January/February 2011 Updates
Happy New Year!
Thanks to all of you who wished us well over the holidays. This community continues to give back to us in so many ways. We remain thankful for the opportunity to be a part of your evolving relationships. The path to an Around Her Finger relationship is not necessarily easy, but it is always rewarding. Make whatever resolutions you must in order to realize your potential in 2011.
Around Her Finger, can now be found at Amazon.com. Here is the link below:
As always, our books and CD’s can be found at: www.lulu.com/aroundherfinger/
Lulu now offers an Ipad version of the all of our books!Send questions, comments and success stories to Emily (dot) Addison (at) Gmail (dotcom)
Letters from Women
My husband of fifteen years gave me your book on the first day of the New Year as a commitment to follow through on his New Year’s resolution. I have just finished reading it, and I have to admit that I am absolutely and utterly shocked that he would want this from me. My shock, however, is only matched by my delight. It seems like years of sometimes odd and unexplained behavior now makes sense when I look back at it through the prism of his new openness on this topic.
I want you to know that beginning this weekend, I am going to embrace this with all of my heart.
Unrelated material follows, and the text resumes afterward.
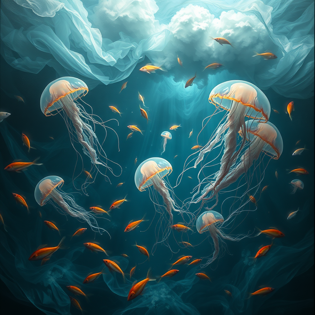 A 3D painting of ethereal jellyfish gliding amidst a swirling sea of vibrant fish, their colors dancing like flickering embers beneath a stormy cloudscape. The scene is enveloped in an atmosphere that merges dark chaos with gentle grace, rendered in shades of light black and aquamarine. Animated elements lend the composition a sense of fluid motion and gestural elegance, reminiscent of site-specific installations. The light filters through layers of gossamer fabric, casting a diaphanous glow over the tableau. This evocative imagery captures the spirit of a digital age, akin to the aesthetic of curated collections found on platforms like Flickr.

I believe that there is something in this for both of us, and I feel that for the first time that I have the tools and the understanding to really make the most of our relationship together.
You warm my heart with your optimism and enthusiasm. I am certain that this will be a wonderful step forward in your marriage.
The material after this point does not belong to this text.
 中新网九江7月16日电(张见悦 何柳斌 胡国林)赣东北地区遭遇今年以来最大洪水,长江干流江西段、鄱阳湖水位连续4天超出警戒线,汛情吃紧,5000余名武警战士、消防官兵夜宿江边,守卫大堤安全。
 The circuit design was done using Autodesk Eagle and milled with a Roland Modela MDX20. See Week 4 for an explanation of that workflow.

My husband and I have always had a very open and understanding relationship. I understood that he had an inclination to submit to me even before we married, but after marrying, we embraced his submission as a couple, and have lived a life very much like you describe on your site. We did this before discovering Around Her Finger, but we still enjoy your updates section [and other sites], as it gives us ideas and energy for own relationship.
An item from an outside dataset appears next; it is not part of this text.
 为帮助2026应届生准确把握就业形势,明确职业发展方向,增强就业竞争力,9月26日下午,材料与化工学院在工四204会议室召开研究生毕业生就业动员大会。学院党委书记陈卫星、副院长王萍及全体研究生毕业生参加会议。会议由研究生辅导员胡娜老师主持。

While those that know us both can clearly tell that I am the alpha spouse in the relationship, we have never been forthcoming about the depth and nature of my authority in the home. Our family and friends just think of him as “whipped”. I know you have counseled other couples to be similarly discreet, so I know that our choice in this matter is consistent with your advice on the topic. However, over the holidays, our discretion took an accidental nose dive off of a cliff, so I am writing now for your advice on how to handle my current situation.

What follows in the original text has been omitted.